● **GIVEN ENTRIES**
**********
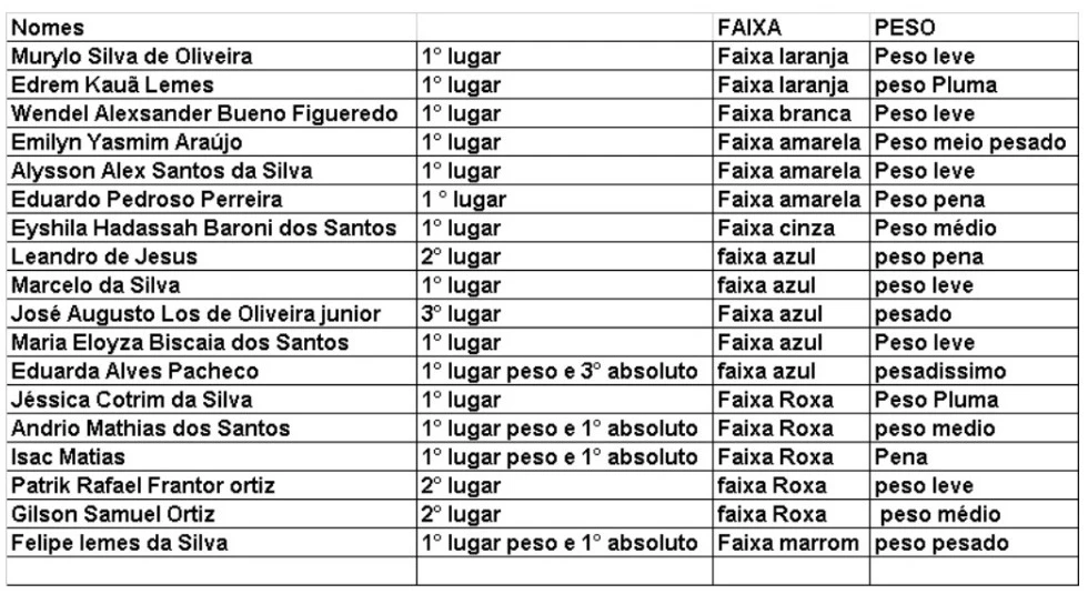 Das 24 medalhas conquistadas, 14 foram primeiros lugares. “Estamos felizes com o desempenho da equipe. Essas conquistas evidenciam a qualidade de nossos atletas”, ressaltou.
**********
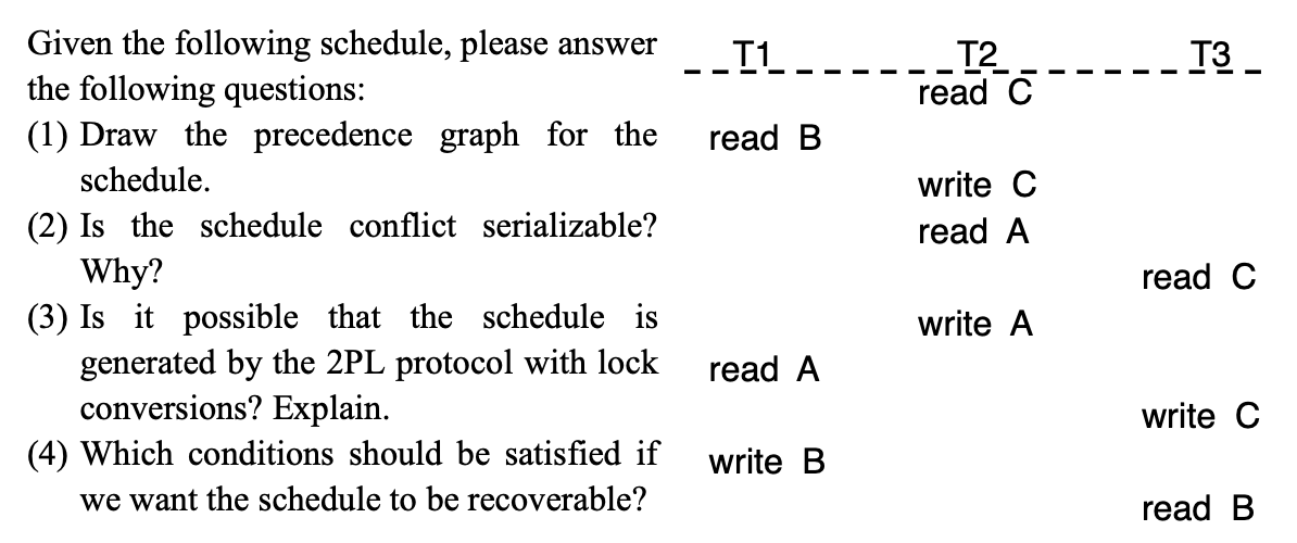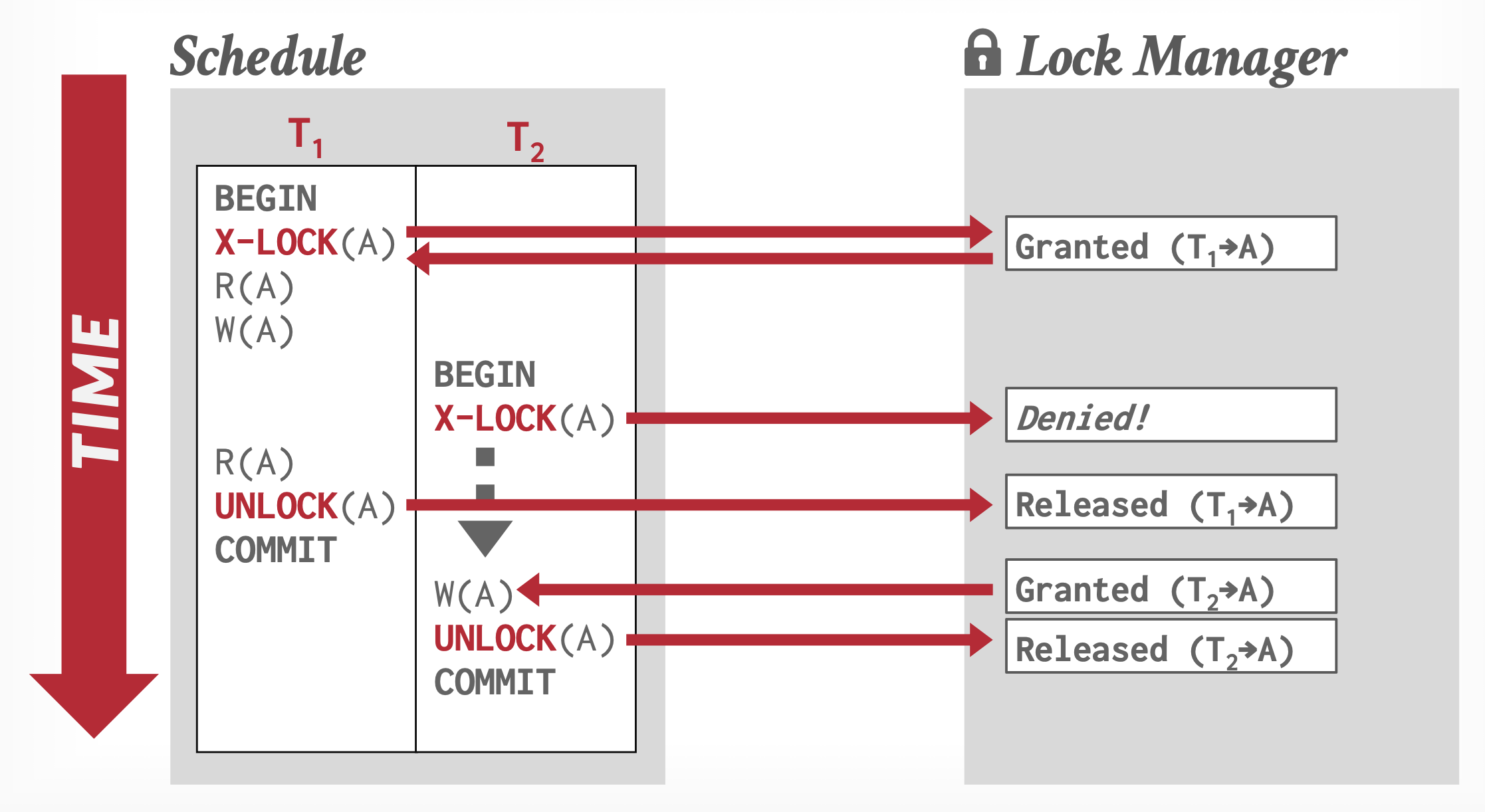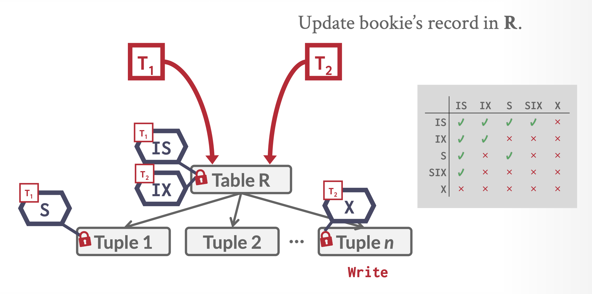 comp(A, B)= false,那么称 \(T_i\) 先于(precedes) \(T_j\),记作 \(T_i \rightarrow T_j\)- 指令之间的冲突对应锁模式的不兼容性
**********
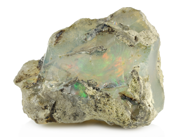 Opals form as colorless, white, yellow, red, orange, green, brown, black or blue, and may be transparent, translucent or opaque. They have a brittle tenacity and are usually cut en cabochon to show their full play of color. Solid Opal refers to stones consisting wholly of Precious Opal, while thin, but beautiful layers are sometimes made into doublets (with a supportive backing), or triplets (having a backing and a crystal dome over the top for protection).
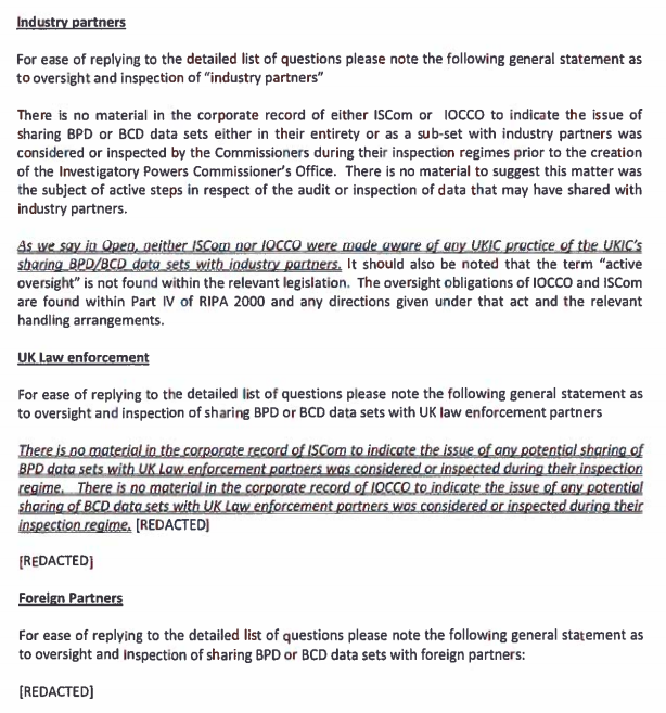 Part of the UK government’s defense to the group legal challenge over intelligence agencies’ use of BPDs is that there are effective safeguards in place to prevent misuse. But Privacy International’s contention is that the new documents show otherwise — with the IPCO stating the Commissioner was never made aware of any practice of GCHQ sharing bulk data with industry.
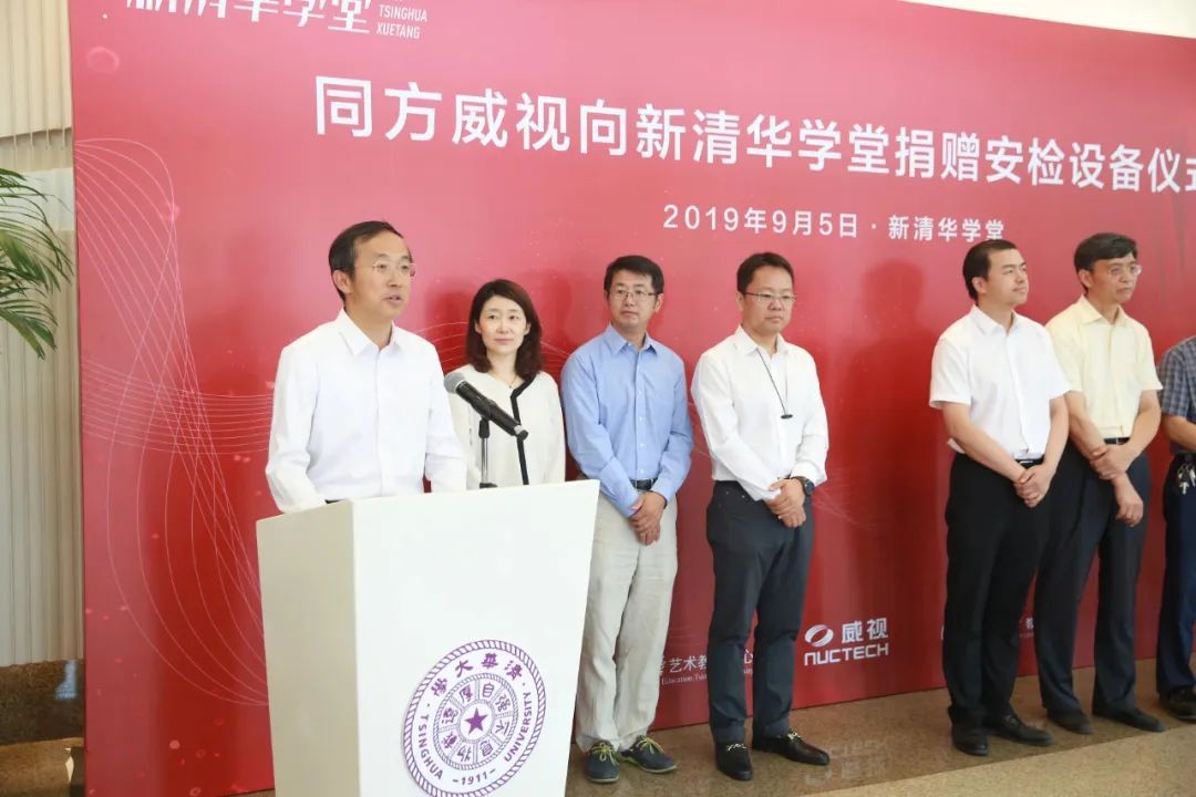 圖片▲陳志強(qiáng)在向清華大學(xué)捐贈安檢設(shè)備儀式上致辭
**********
Repeat exactly the stretch of the listing above that starts with the line holding "Part of the" and finishes with the line holding "圖片▲陳志強(qiáng)在", both included. Skip every picture.

 Part of the UK government’s defense to the group legal challenge over intelligence agencies’ use of BPDs is that there are effective safeguards in place to prevent misuse. But Privacy International’s contention is that the new documents show otherwise — with the IPCO stating the Commissioner was never made aware of any practice of GCHQ sharing bulk data with industry.
 圖片▲陳志強(qiáng)在向清華大學(xué)捐贈安檢設(shè)備儀式上致辭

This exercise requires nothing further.